Валерия Кузьминична игриво вскинула брови:
– Это вы к чему, собственно говоря? Боевая романтика – не моя стихия. Я человек искусства… И кстати, когда он воевал в Финляндии, мы, к счастью, не были еще знакомы…
– А вот я со своей женой всю Гражданскую войну исколесил по полям, и на коне, и на тачанке… – И тут же, увидев, что его собеседница обидчиво поджала губы, оборвал начатый рассказ и тяжело вздохнул. Помолчав, продолжал более резко: – Не любили вы человека, с которым жили, вот что я скажу вам. Не были ему женой. Как бы на не утвержденной должности состояли при этом.
Валерия Кузьминична сняла перчатки, игриво похлопала ими по круглой коленке.

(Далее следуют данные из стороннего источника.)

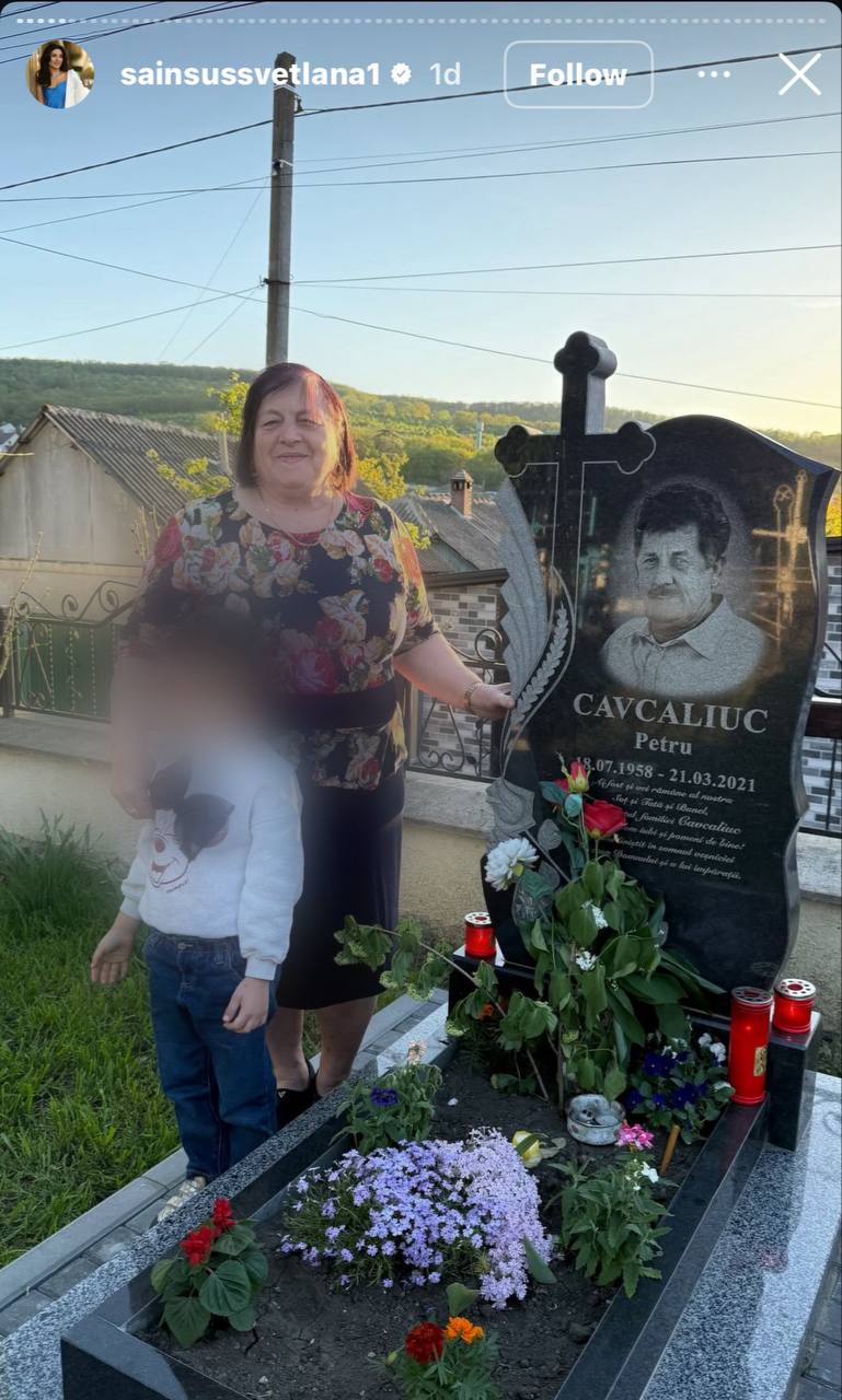 Între timp, ieri, de Paștele Blajinilor, Svetlana Sainsus, soacra acesteia și fiica ei au mers la cimitir. Din imaginile postate se observă cum Lia așează florile la mormântul lui Petru Cavcaliuc, adică tatăl liderului PACE.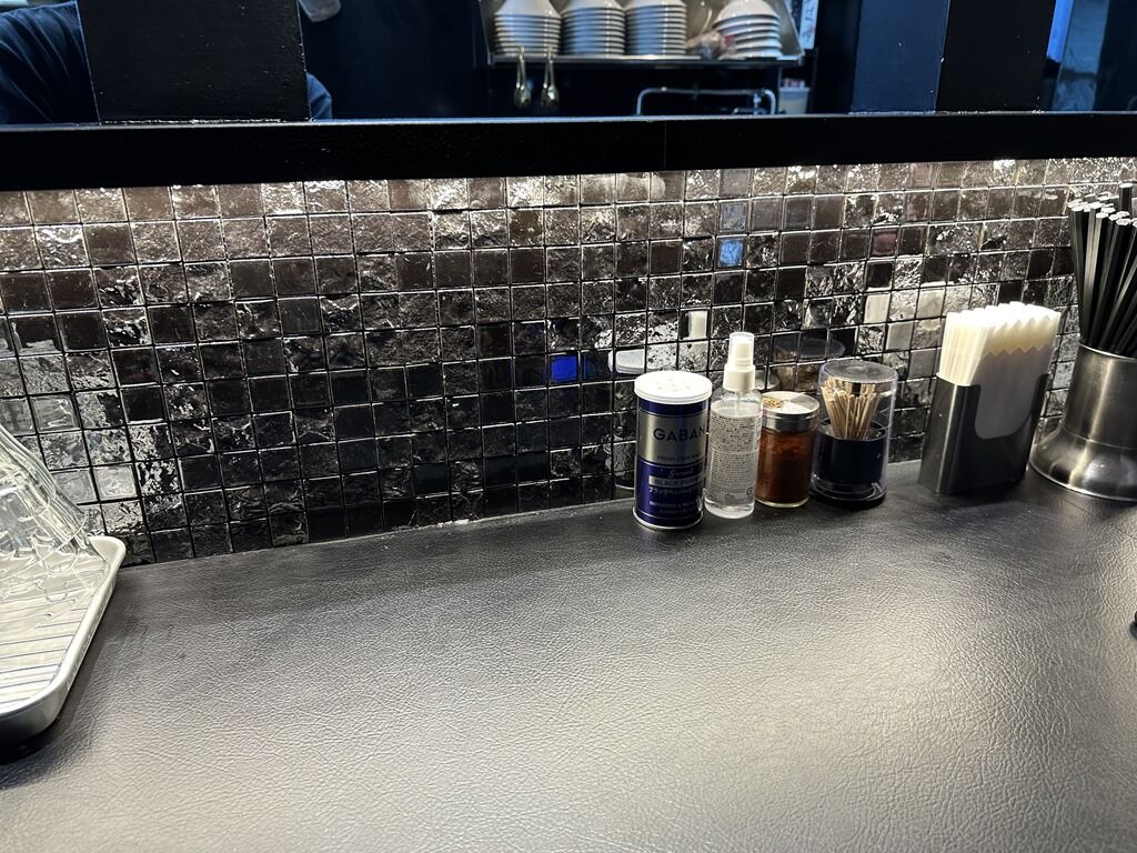 BGMはDrag on ashではなくSUPER BEAVER縛り、ハイライトとか、閃光とか。箸は洗い箸で資源環境に配慮。卓上調味料はGABANブラックペッパー、一味唐辛子。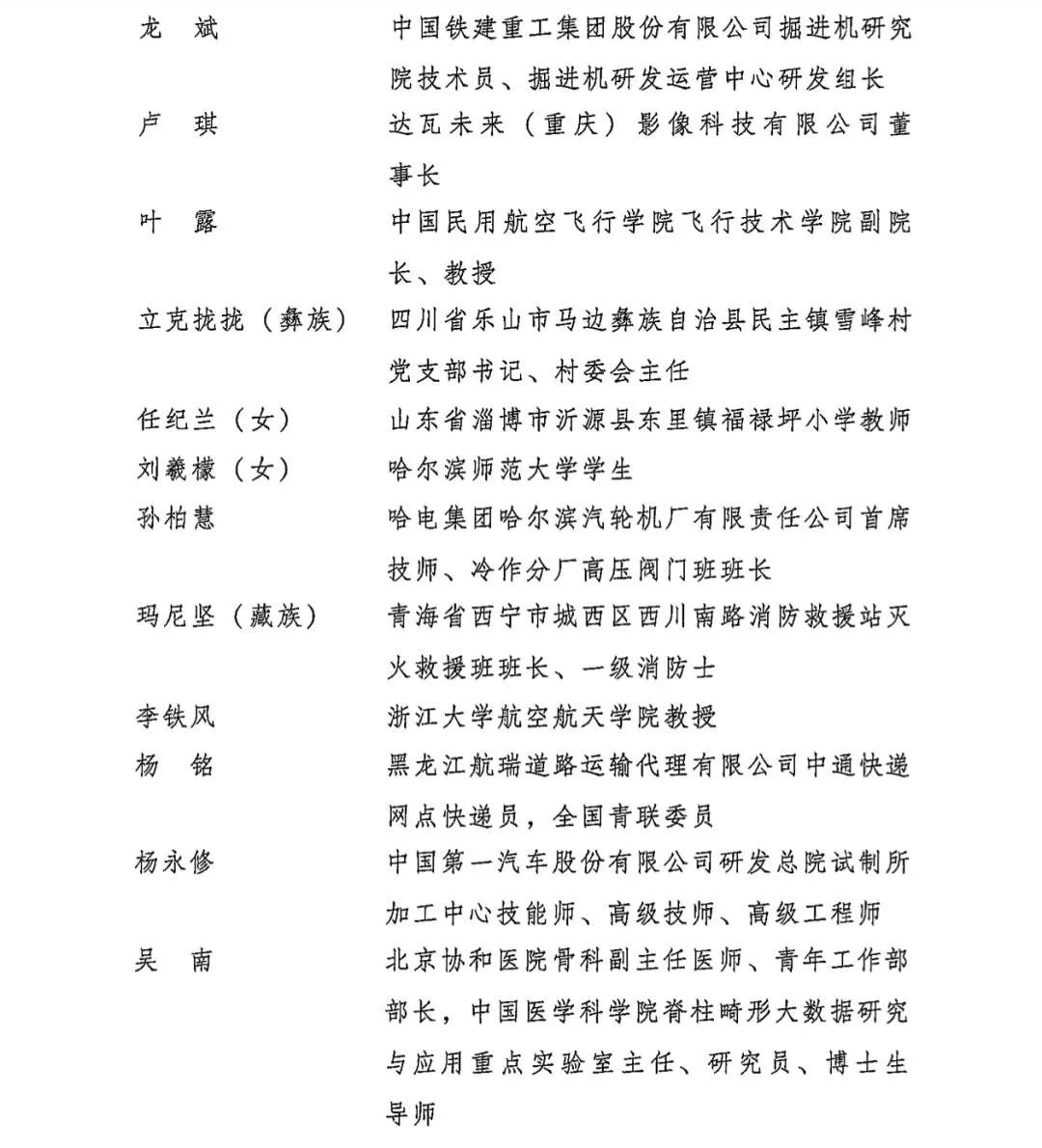 以下为第26届中国青年五四奖章获奖者名单:
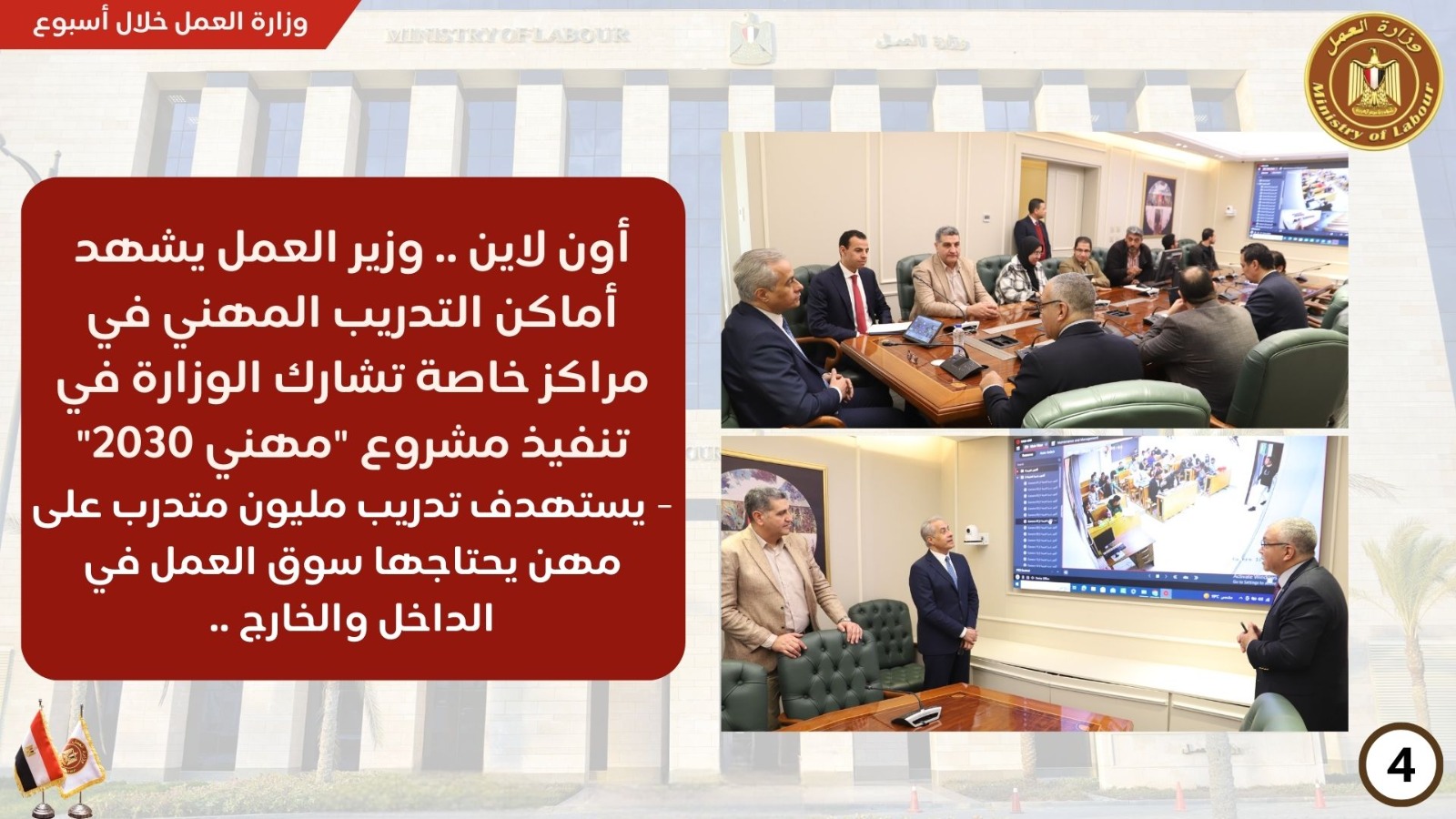 وتابع حسن شحاتة وزير العمل،التَطُورات الجديدة في خطة تنفيذ مشروع "مهني 2030"، الذي أطلقته "الوزارة"، منتصف الشهر الماضي، لتدريب مليون مُتدرب سنويًا، وتأهليهم لاحتياجات سوق العمل في الداخل والخارج، بالتعاون مع "القطاع الخاص"..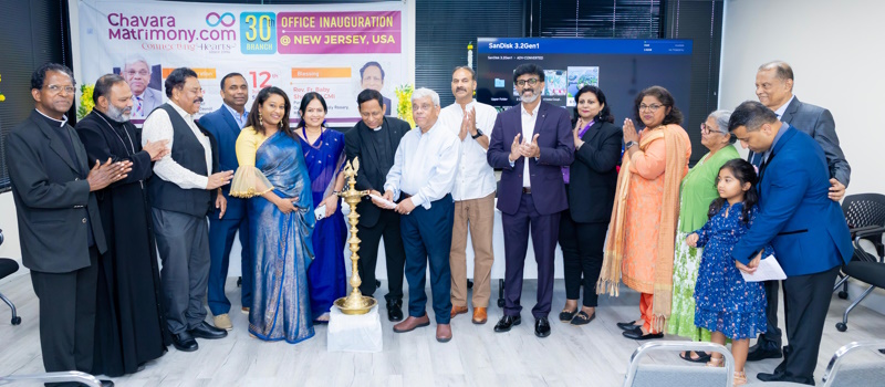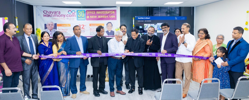 ന്യൂയോർക്ക്: വി. ചാവറ പിതാവിൻ്റെ കുടുംബ ദർശനങ്ങൾ ഉൾക്കൊണ്ട് 1996 ൽ കൊച്ചി ചാവറ കൾച്ചറൽ സെൻ്ററിൽ സ്ഥാപിതമായ സിഎംഐ വൈദീകരുടെ നേതൃത്വത്തിലുള്ള ചാവറ മാട്രിമണി മുപ്പതാം വർഷത്തിലേക്ക് കടക്കുന്ന വേളയിൽ അതിൻ്റെ 30 -) മത് ബ്രാഞ്ച് അമേരിക്കയിലെ ന്യൂജേഴ്സിയിൽ വൂഡ്ബ്രിഡ്ജ് സിറ്റിയിലെ ടോമാർ കെട്ടിട സമുച്ചയത്തിൽ ജൂലൈ 12 ന് ഉത്ഘാടനം ചെയ്തു.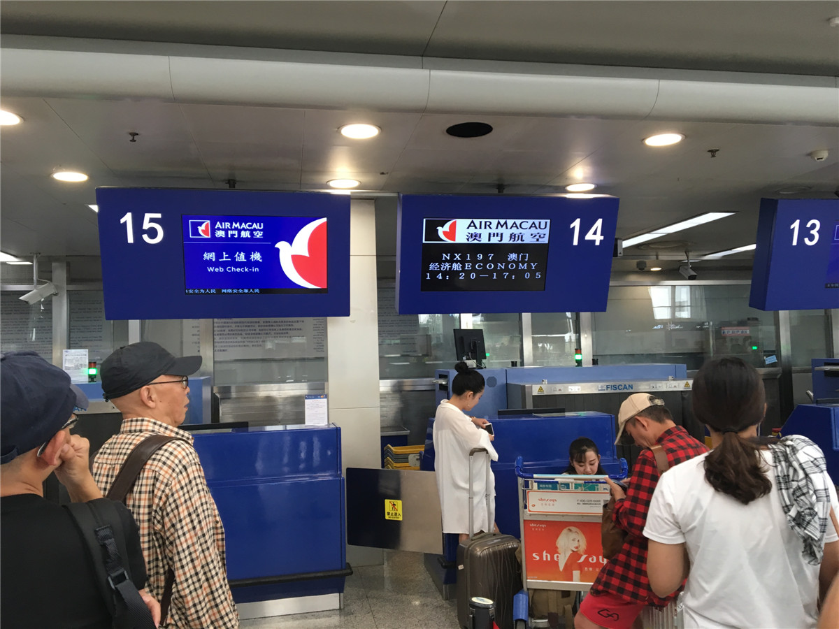 提前2个小时左右办理登机手续,这里大家要注意,澳门航空16号柜台是办理商务舱,13、14号排来葡秋闷显的是普通登机,那15号才两个人的是啥子?

– Какая там любовь!.. Что же вы хотели, чтобы я любила этого алкоголика?
– Алкоголика?
– Вы сомневаетесь или просто меня разыгрываете? Да если хотите знать – мне теперь нечего скрывать, – он пил каждый день утром и вечером по стакану водки и, не закусывая, уходил на службу, а там разносил своих подчиненных.
– И это в служебные дни! – привстал и, глядя насмешливо, покачал головой Русачев. – Ну а как же тогда он пил в праздники?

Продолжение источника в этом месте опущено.